50E l’accortissimo Ulisse, con subdola mente rispose:
«Buoni signori, che un vecchio fiaccato dai guai si misuri
con uno assai piú fresco, possibil non è. Ma la fame
mi ci costringe, la trista, per farmi accoppare di busse.
Ma tutti voi, su dunque, prestatemi giuro solenne,
55che per soccorrere Iro, nessuno la mano gagliarda
malvagiamente su me leverà per mettermi a terra».
     Cosí diceva: e tutti giurarono come chiedeva.
E poi ch’ebber formato, prestato quel giuro solenne,
sorse fra loro, divino rampollo, Telemaco, e disse:
     60«Se il cuore, ospite, a te, pur basta, e lo spirito prode,
contro quest’uomo, niun altro tu devi temer degli Achivi:
ché se qualcun ti battesse, l’avrebbe da fare con molti.
E Antínoo con me lo promette, ed Eurímaco, entrambi
sovrani, entrambi saggi: la casa che t’ospita è mia».

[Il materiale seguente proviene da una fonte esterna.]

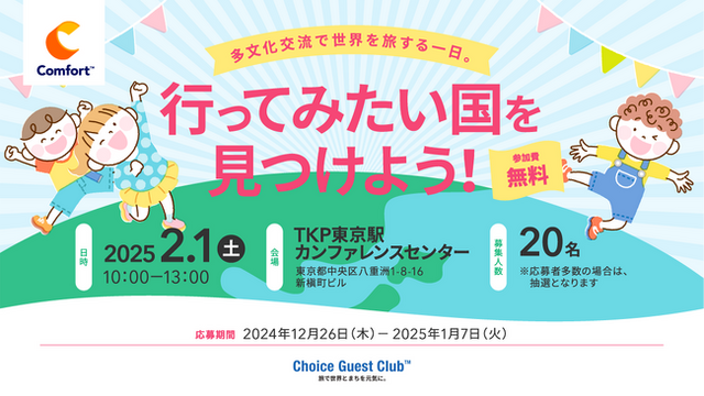 全国に「コンフォートホテル」「コンフォートホテルERA」「コンフォートイン」「コンフォートスイーツ」「Ascend Hotel Collection(TM)」を展開する株式会社チョイスホテルズジャパン(本社:東京都中央区、代表取締役社長:伊藤孝彦、以下チョイスホテルズジャパン)は、2025年2月1日(土)小学生を対象とした多文化交流イベント「多文化交流で、世界を旅する一日。行ってみたい国を見つけよう!」を初めて開催します。
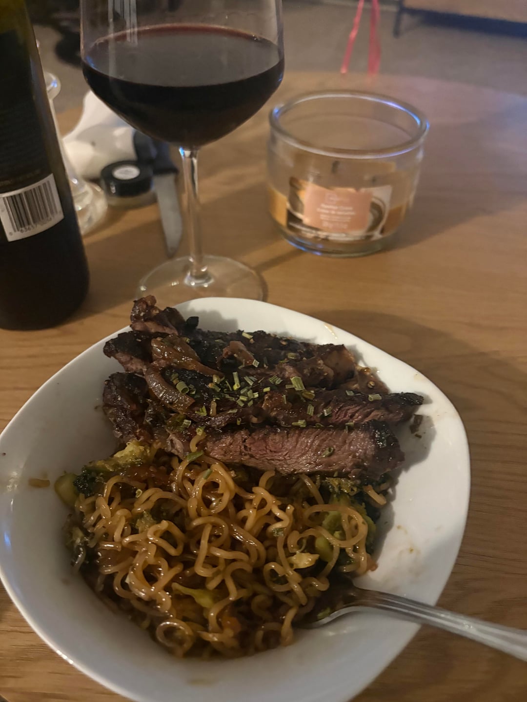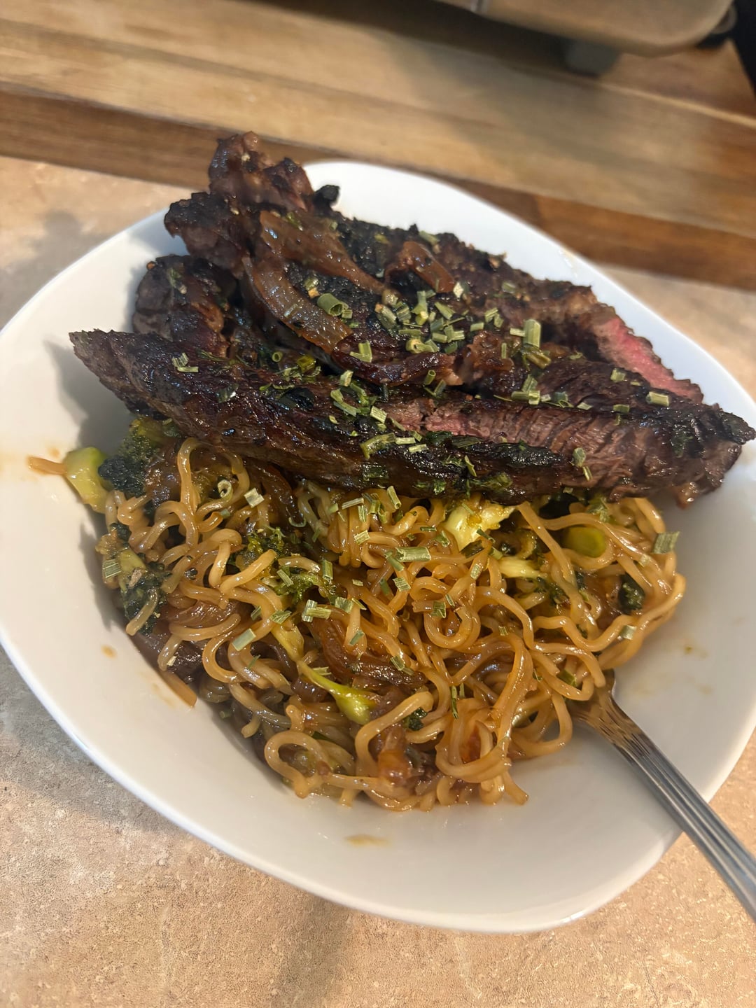 Rib eye!! Salt and peppered and fried till it had a nice crust. Took off to rest. I then melted butter with herbs (parsley and chives) roasted garlic and sautéed onions, added steak back to pan and covered it in that buttery goodnesss!! Added more ground peppercorns. Served on steamed honey garlic brocolli noodles!!! With some more chives on top!! So good!!

     65Disse cosí: tutti quanti approvarono; e subito Ulisse
come una fascia i suoi stracci si cinse, a celar le vergogne;
e le sue cosce gagliarde si videro e grosse, e le polpe
larghe, ed i fianchi e le braccia massicce: ché Atena, venuta
presso al pastore di genti, le membra gli aveva ingrossate.
70Tutti le gran meraviglie facevano i Proci a tal vista.
E l’un guardando l’altro, diceva ciascuno al vicino:
«Iro a momenti è spacciato! S’è andato a cercare il malanno!
Vedi che reni, che lombi non ha sfoderato quel vecchio!»
     Tanto dicevano. E ad Iro veniva già meno il coraggio.
75Ma tuttavia lo fasciarono i servi, lo spinsero a forza,
pien di paura; e le polpe tremavan per tutte le membra.